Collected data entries
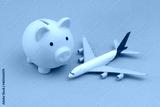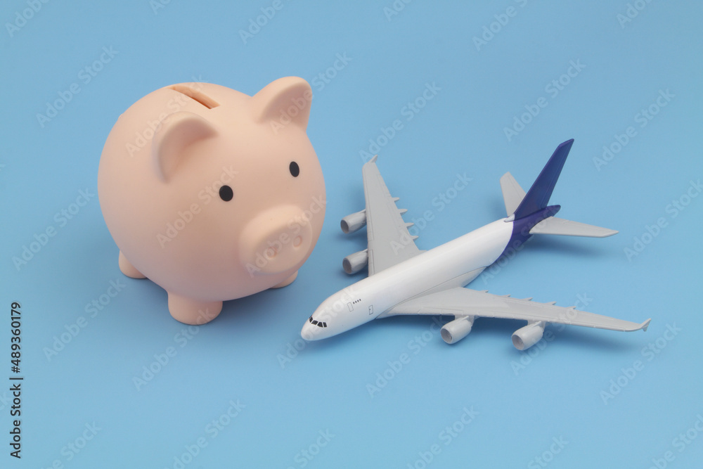 Airplane tickets price and save money concept. Airplane model and piggy bank on blue background.
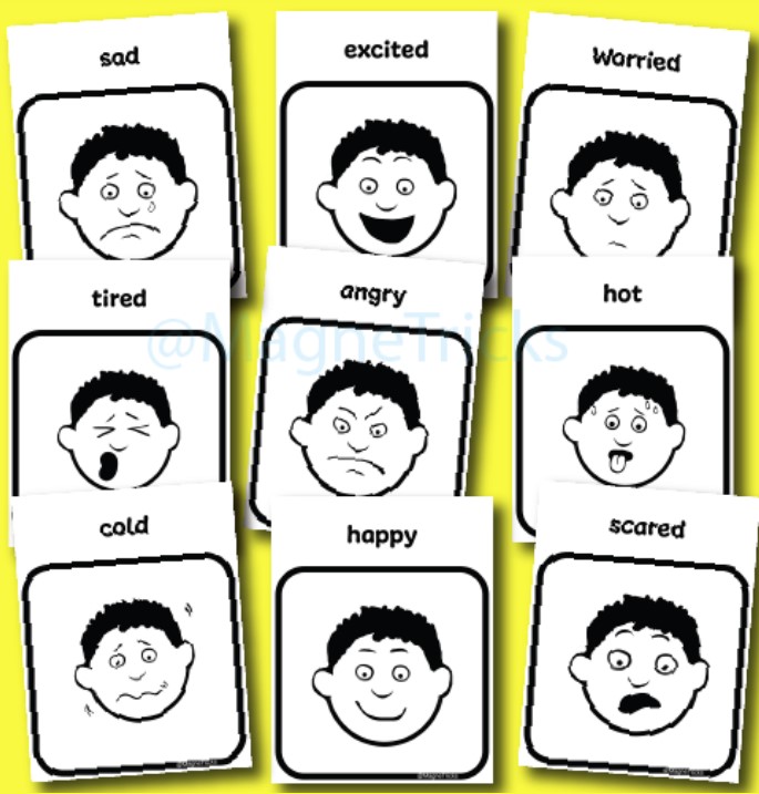Uzitocne je tiez mat graf ktory pomoze definovat emocie v tom ktorom momente a co pomoze na ich spracovanie. Napriklad mat emocie oznacene podla farieb, alebo trenovat s dietatom aby vedelo pomenovat emociu tak ze mu ukazujeme tvare ludi v roznych emociach.
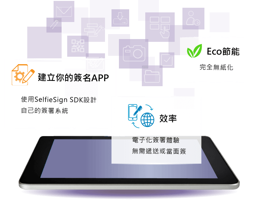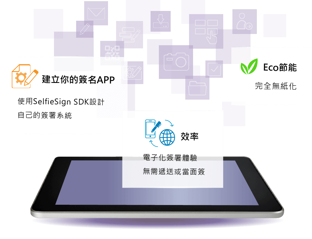 使用SelfieSign SDK模組將SelfieSign元件嵌入到您的應用程式和系統中,即可升級您的簽名系統並立即實現無紙化。
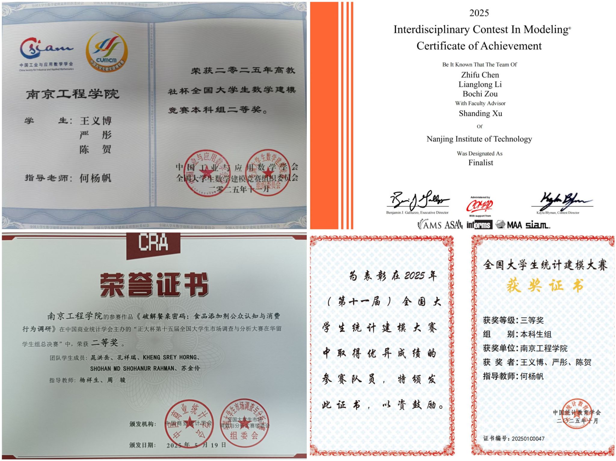 在美国大学生数学建模竞赛(MCM/ICM)中,我校学子与全球1700余所高校同场竞技,首次获得特等奖提名奖(F奖)1项,并斩获一等奖(M奖)2项、二等奖(H奖)4项。在全国大学生数学建模竞赛中,我校参赛团队荣获全国二等奖1项,省级一等奖2项、二等奖2项、三等奖10项,整体成绩位居全国同类高校前列。在第十五届全国大学生市场调查与分析大赛中,学生团队获全国二等奖2项、全国三等奖1项;省级赛中获一等奖5项、二等奖7项、三等奖9项,表现突出。在第十一届全国大学生统计建模大赛中,我校获得全国三等奖1项,省级一等奖1项、二等奖4项、三等奖5项,体现了学生在统计建模与数据科学领域的扎实能力。
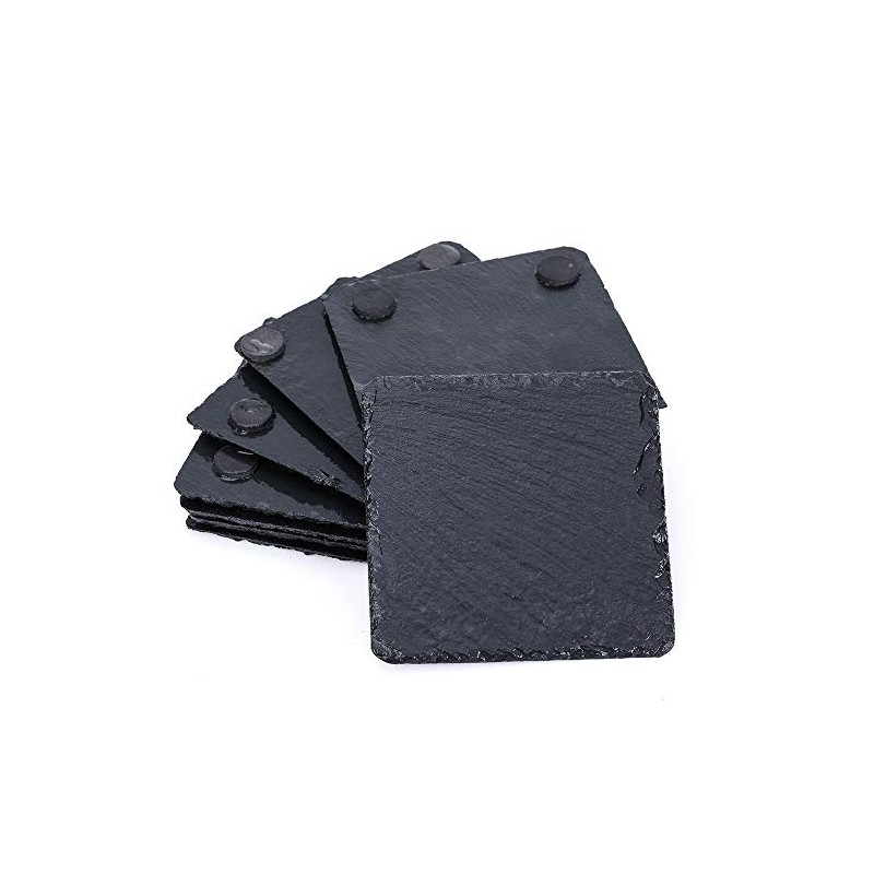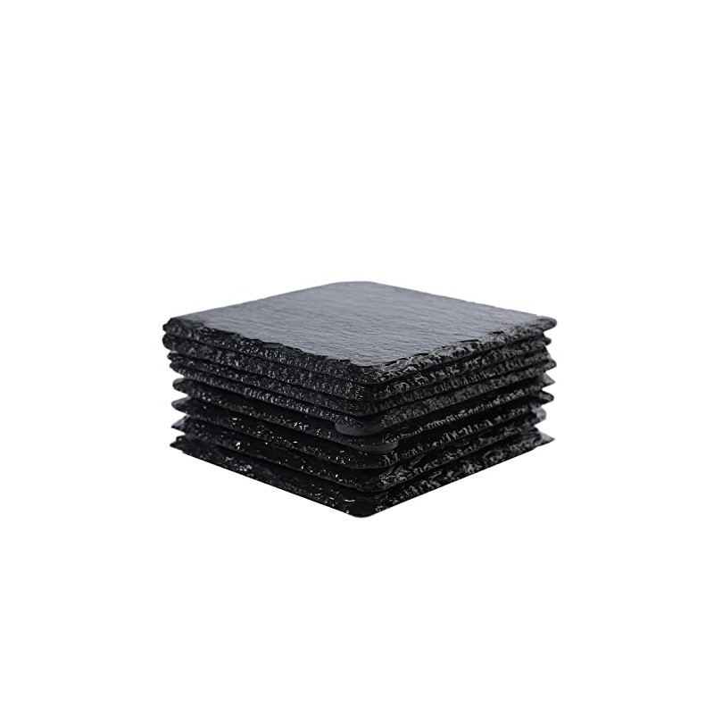 8pcs Square Black Slate Stone Coasters for Drink Bar Kitchen Home Natural Rough Edge

*The problem*. Give again, exactly as written, the lines from the one with "使用SelfieSign S" through the last line of the entries above, but skip the pictures.

*Response below*.
 使用SelfieSign SDK模組將SelfieSign元件嵌入到您的應用程式和系統中,即可升級您的簽名系統並立即實現無紙化。
 在美国大学生数学建模竞赛(MCM/ICM)中,我校学子与全球1700余所高校同场竞技,首次获得特等奖提名奖(F奖)1项,并斩获一等奖(M奖)2项、二等奖(H奖)4项。在全国大学生数学建模竞赛中,我校参赛团队荣获全国二等奖1项,省级一等奖2项、二等奖2项、三等奖10项,整体成绩位居全国同类高校前列。在第十五届全国大学生市场调查与分析大赛中,学生团队获全国二等奖2项、全国三等奖1项;省级赛中获一等奖5项、二等奖7项、三等奖9项,表现突出。在第十一届全国大学生统计建模大赛中,我校获得全国三等奖1项,省级一等奖1项、二等奖4项、三等奖5项,体现了学生在统计建模与数据科学领域的扎实能力。
 8pcs Square Black Slate Stone Coasters for Drink Bar Kitchen Home Natural Rough Edge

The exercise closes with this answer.